* What is required
Reproduce exactly the lines from the one that holds "후반부 할때는 게임 일시정지 해놓고 던전 맵 전체 철거해서" through the last line of the entries, both ends included, but not the pictures.

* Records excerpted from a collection
*** Begin section ***
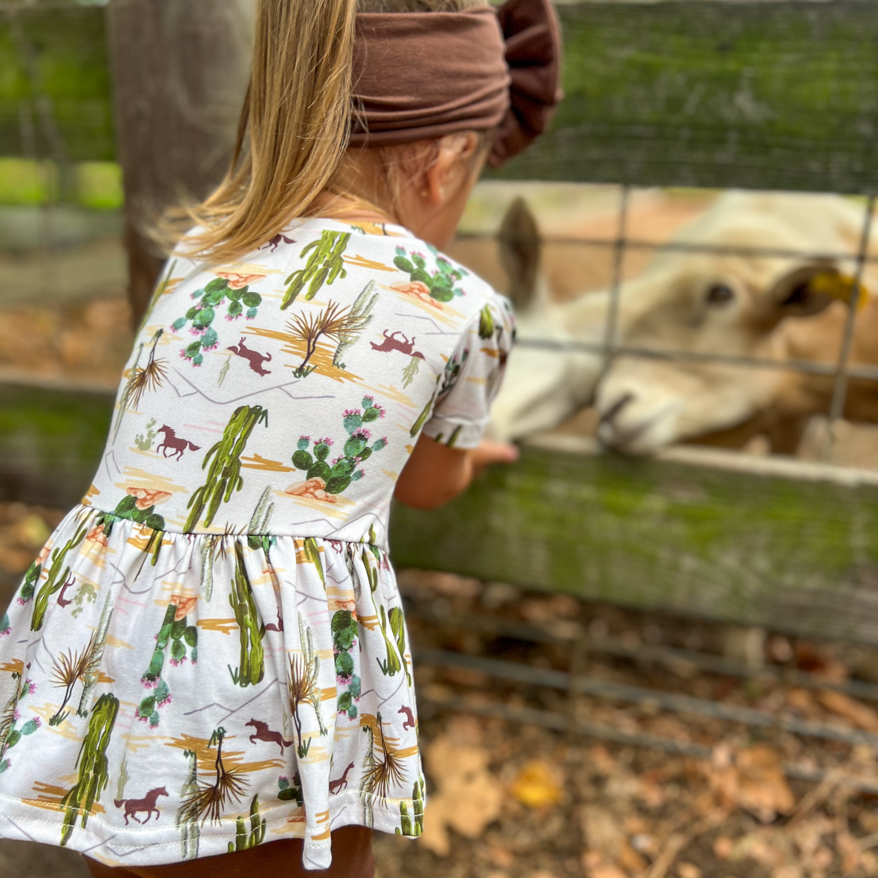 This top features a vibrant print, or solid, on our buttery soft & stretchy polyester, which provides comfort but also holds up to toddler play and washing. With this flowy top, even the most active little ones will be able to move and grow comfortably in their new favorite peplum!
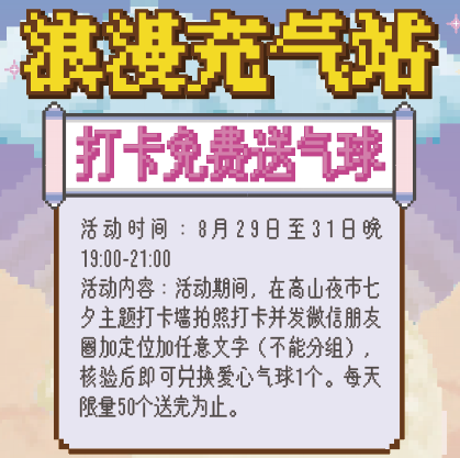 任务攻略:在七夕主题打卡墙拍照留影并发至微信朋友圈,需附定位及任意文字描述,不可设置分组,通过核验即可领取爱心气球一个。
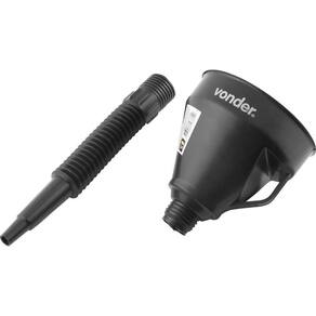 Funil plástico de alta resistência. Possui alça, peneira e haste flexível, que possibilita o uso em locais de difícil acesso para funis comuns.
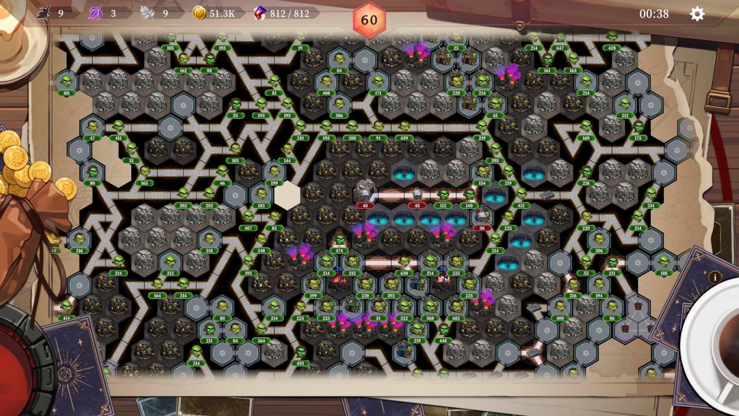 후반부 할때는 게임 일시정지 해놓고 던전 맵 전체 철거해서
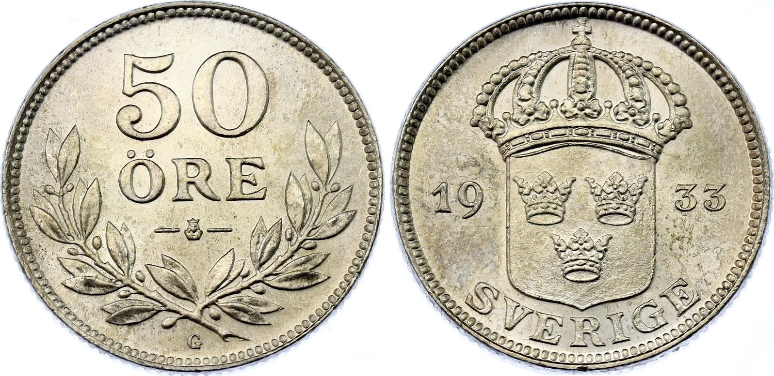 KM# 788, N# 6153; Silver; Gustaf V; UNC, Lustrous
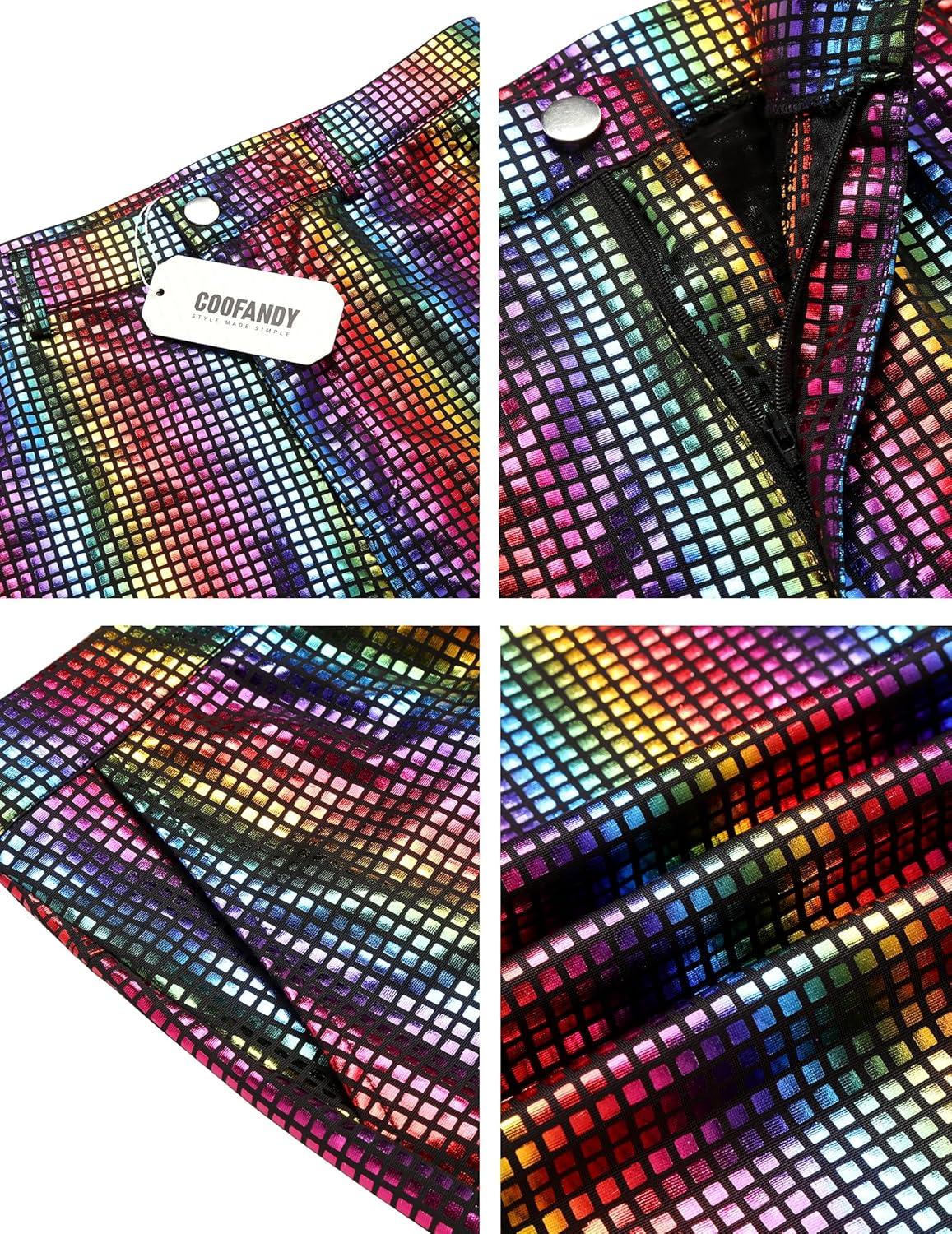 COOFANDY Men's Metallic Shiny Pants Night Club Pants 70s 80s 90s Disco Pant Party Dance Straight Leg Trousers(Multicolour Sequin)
*** End section ***
* Your response
 후반부 할때는 게임 일시정지 해놓고 던전 맵 전체 철거해서
 KM# 788, N# 6153; Silver; Gustaf V; UNC, Lustrous
 COOFANDY Men's Metallic Shiny Pants Night Club Pants 70s 80s 90s Disco Pant Party Dance Straight Leg Trousers(Multicolour Sequin)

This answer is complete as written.